-- Opening Marker --

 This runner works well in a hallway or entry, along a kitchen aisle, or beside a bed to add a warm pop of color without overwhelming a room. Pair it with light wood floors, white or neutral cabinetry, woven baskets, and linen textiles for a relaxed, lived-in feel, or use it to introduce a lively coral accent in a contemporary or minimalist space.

-- Closing Marker --
-- Opening Marker --

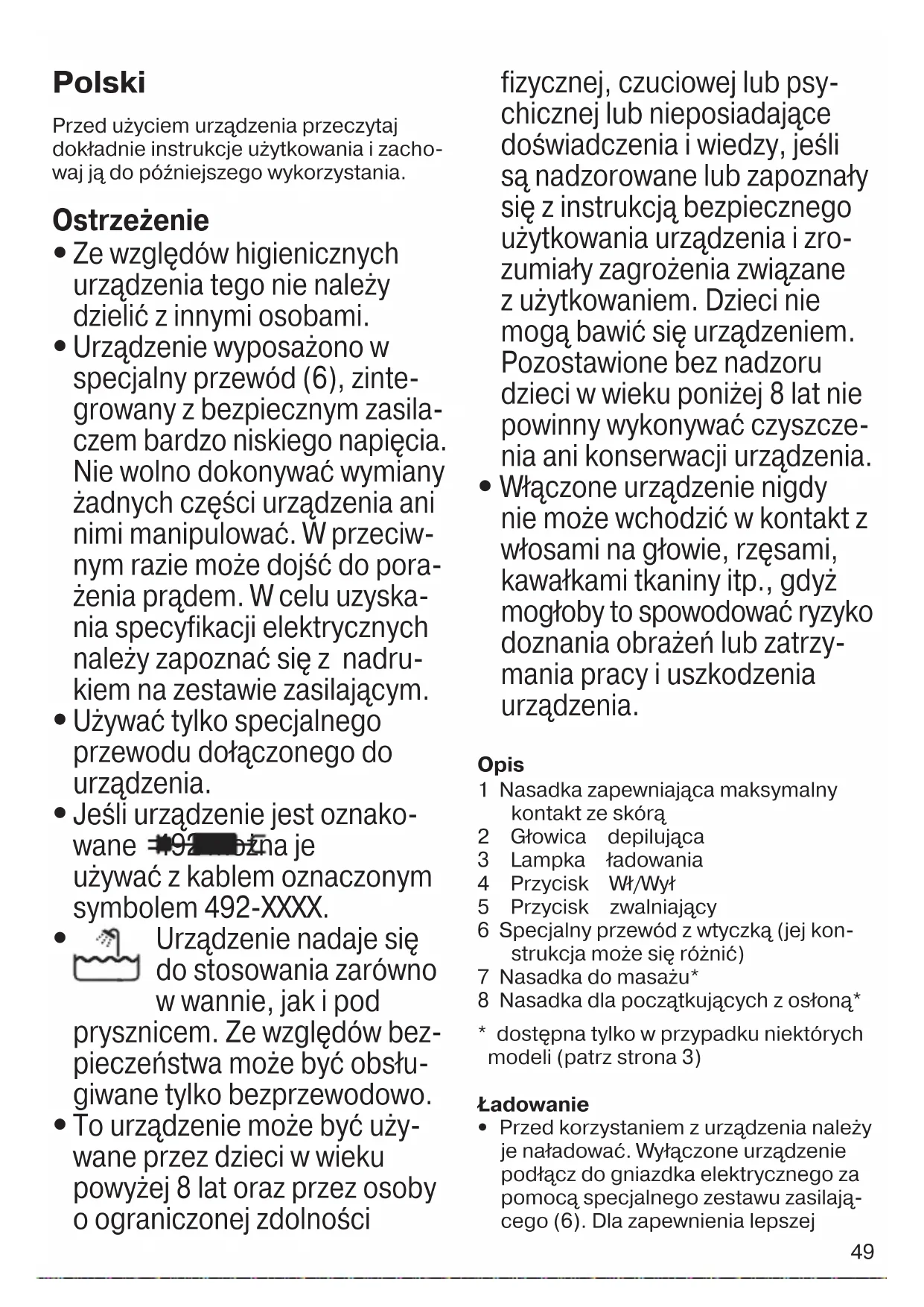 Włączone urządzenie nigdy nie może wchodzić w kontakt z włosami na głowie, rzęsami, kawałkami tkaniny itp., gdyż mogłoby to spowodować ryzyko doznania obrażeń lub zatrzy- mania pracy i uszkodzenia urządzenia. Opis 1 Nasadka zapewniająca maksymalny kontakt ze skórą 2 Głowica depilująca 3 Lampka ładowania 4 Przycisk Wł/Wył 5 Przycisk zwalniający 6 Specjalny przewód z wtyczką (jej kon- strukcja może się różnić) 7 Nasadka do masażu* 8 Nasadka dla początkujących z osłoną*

-- Closing Marker --
-- Opening Marker --

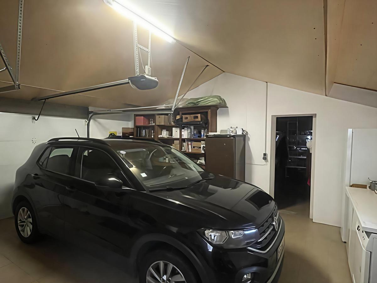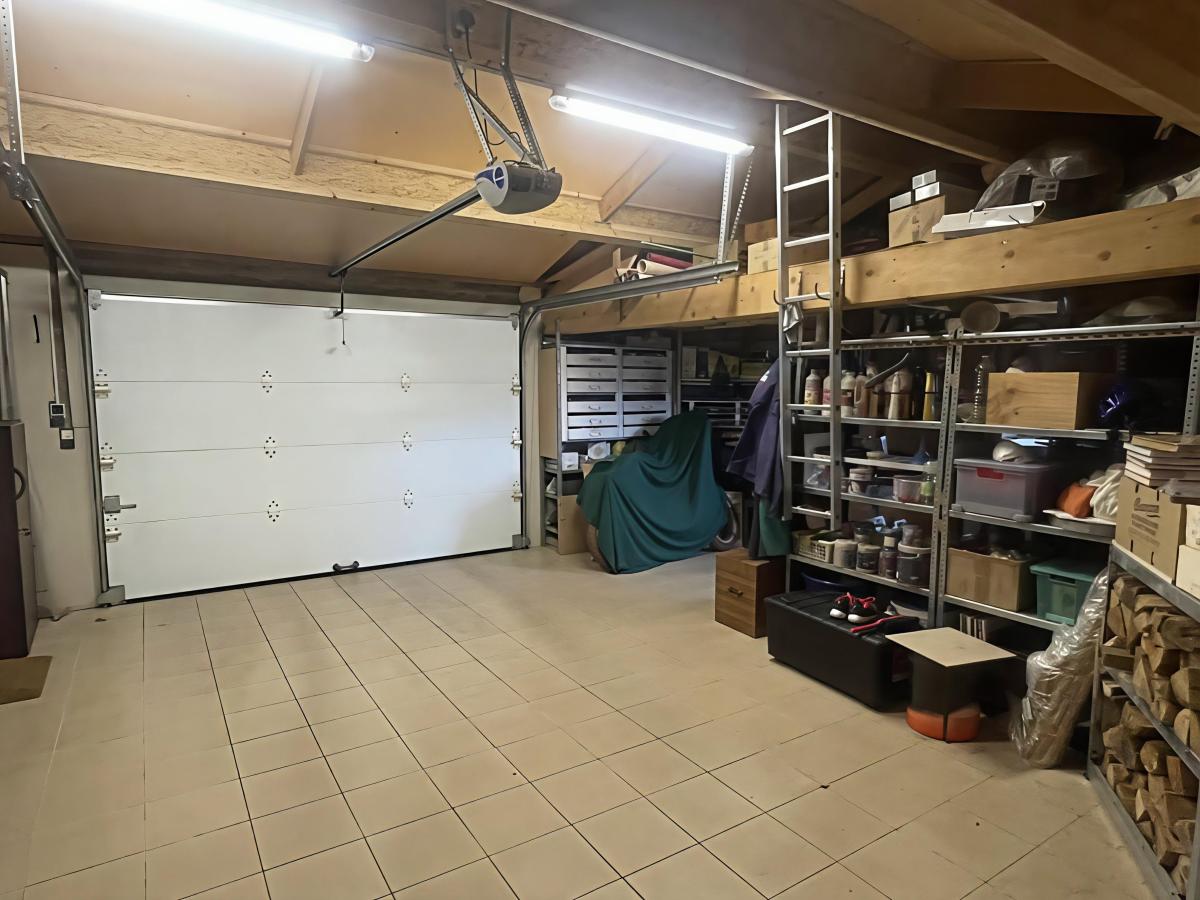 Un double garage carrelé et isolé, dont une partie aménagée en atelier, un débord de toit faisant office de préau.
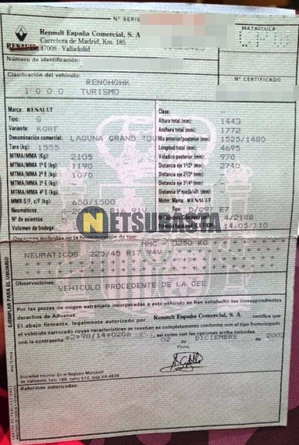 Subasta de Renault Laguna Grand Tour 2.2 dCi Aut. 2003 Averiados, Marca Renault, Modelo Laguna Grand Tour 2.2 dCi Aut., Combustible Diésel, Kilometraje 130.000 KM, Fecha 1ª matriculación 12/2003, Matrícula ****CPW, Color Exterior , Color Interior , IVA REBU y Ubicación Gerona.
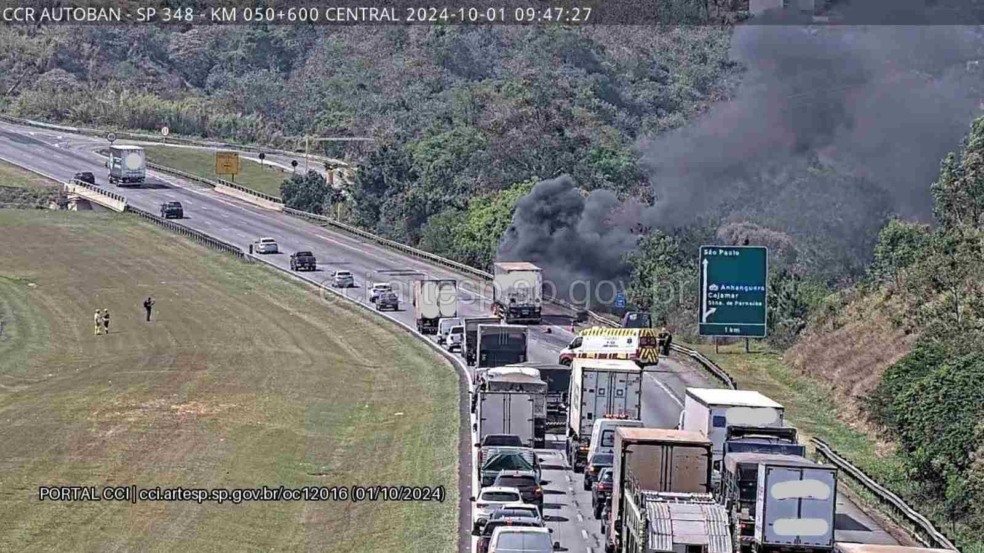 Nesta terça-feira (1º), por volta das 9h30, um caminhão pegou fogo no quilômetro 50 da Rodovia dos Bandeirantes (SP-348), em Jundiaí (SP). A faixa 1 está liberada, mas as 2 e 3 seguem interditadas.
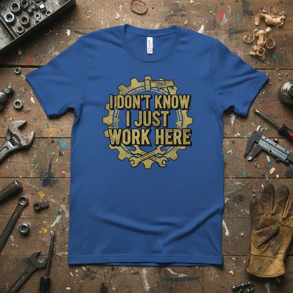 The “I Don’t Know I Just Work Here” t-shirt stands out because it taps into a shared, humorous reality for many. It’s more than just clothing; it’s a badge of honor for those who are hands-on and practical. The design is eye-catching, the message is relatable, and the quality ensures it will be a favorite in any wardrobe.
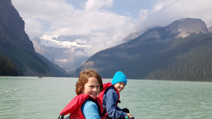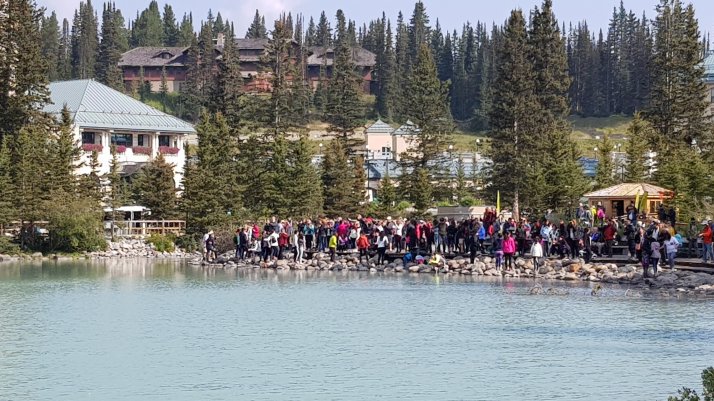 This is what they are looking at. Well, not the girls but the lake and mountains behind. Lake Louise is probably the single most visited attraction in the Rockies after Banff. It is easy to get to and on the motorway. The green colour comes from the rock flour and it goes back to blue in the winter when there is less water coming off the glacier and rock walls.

-- Closing Marker --

• What is being asked:
Only one stretch of the entries above is needed: the lines from the one containing "in any wardrobe." through the one containing "This is what". Copy it exactly, without the pictures.

• Problem solution:
 The “I Don’t Know I Just Work Here” t-shirt stands out because it taps into a shared, humorous reality for many. It’s more than just clothing; it’s a badge of honor for those who are hands-on and practical. The design is eye-catching, the message is relatable, and the quality ensures it will be a favorite in any wardrobe.
 This is what they are looking at. Well, not the girls but the lake and mountains behind. Lake Louise is probably the single most visited attraction in the Rockies after Banff. It is easy to get to and on the motorway. The green colour comes from the rock flour and it goes back to blue in the winter when there is less water coming off the glacier and rock walls.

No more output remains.